Ariel Mauricio Flores

Personal information
- Full name: Ariel Mauricio Flores Gómez
- Nationality: Mexico
- Born: 10 February 1977 (age 49) Ciudad Victoria, Tamaulipas, Mexico
- Height: 1.78 m (5 ft 10 in)
- Weight: 114 kg (251 lb)

Sport
- Sport: Shooting
- Event: Skeet
- Coached by: Guillermo Olivera

Medal record
Men's shooting
Representing Mexico
Pan American Games
| Bronze medal – third place | 2007 Rio de Janeiro | Skeet |

= Ariel Mauricio Flores =

Mexican sport shooter

Ariel Mauricio Flores Gómez (born February 10, 1977) is a Mexican sport shooter.

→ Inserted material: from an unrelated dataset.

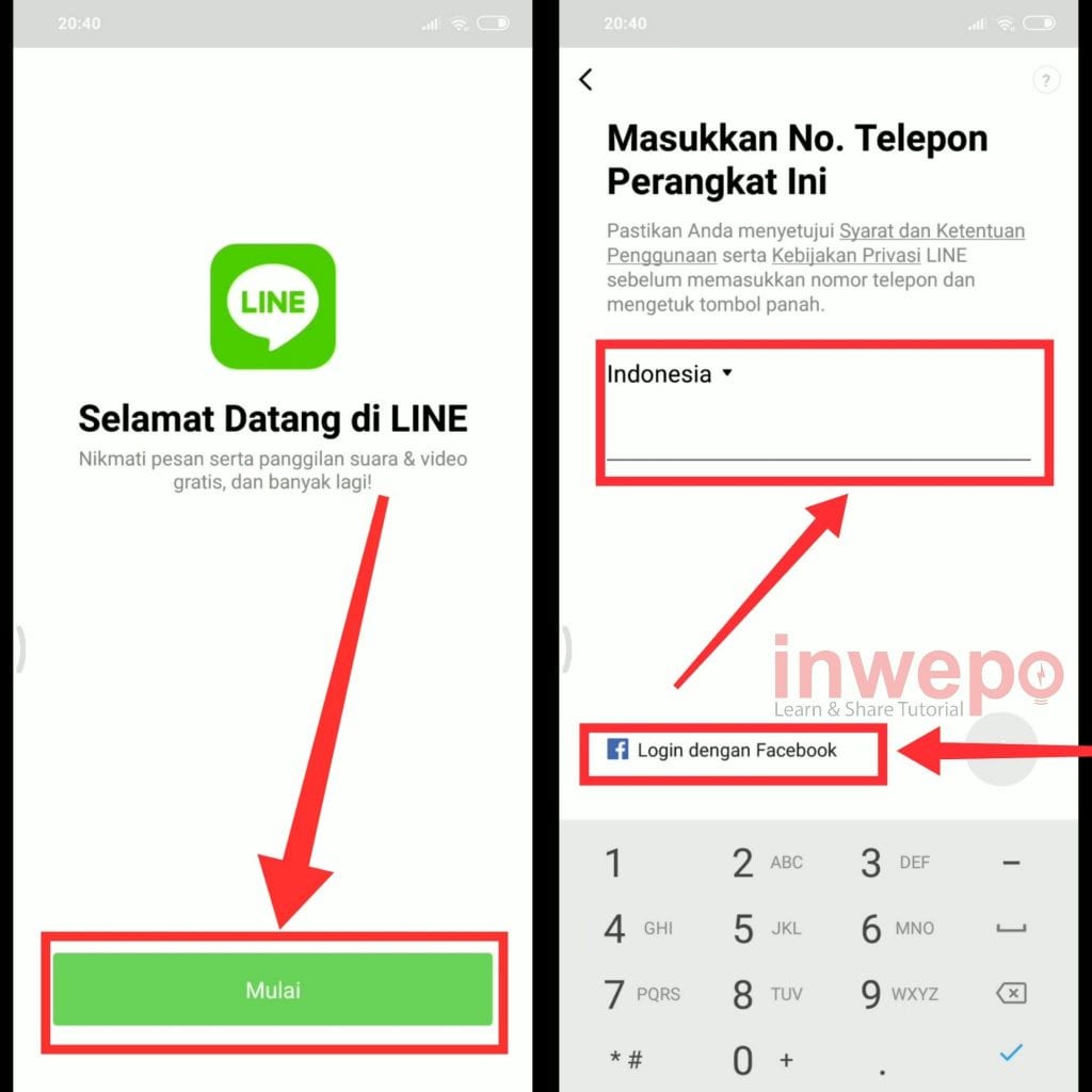 1. Langsung kita buka aplikasi LINE messenger jika belum memiliki silahkan download terlebih dahulu. Selanjutnya tap menu Mulai lalu login menggunakan nomor selular atau bisa juga login menggunakan Facebook.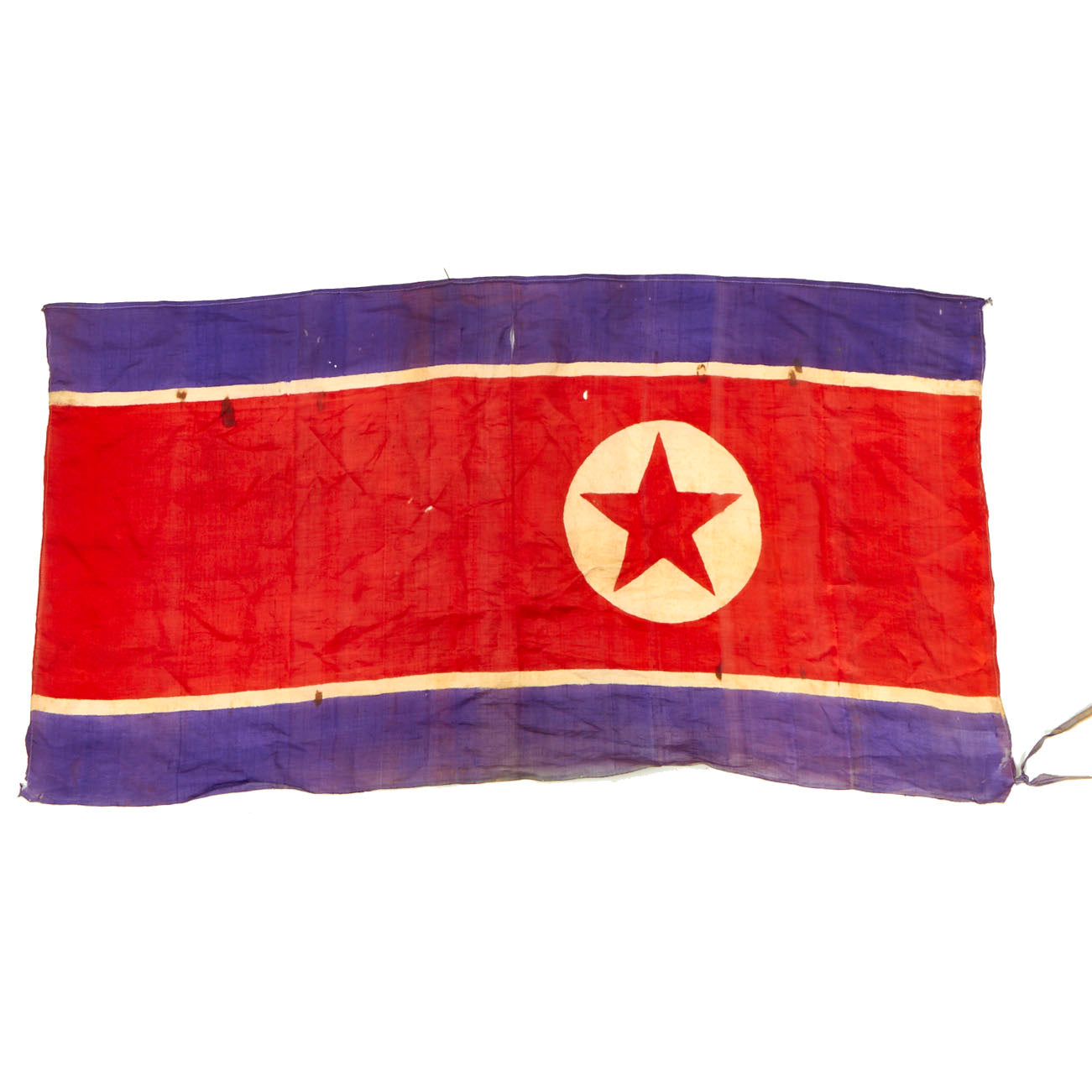 Original Item: Only One Available. The flag of North Korea, also known as the Ramhongsaek Konghwagukgi (Korean: 람홍색공화국기; literally "blue and red-colored flag of the republic"), consists of a central red panel, bordered both above and below by a narrow white stripe and a broad blue stripe. The central red panel bears a five-pointed red star within a white circle near the hoist.

He won a bronze medal in men's skeet shooting at the 2007 Pan American Games in Rio de Janeiro, Brazil, and gold at the 2008 ISSF World Cup series in Kerrville, Texas, accumulating scores of 144 and 147 targets, respectively.

Flores represented Mexico at the 2008 Summer Olympics in Beijing, where he competed in the men's skeet shooting. He finished only in twenty-seventh place by one point behind Guatemala's Juan Carlos Romero from the final attempt, for a total score of 111 targets.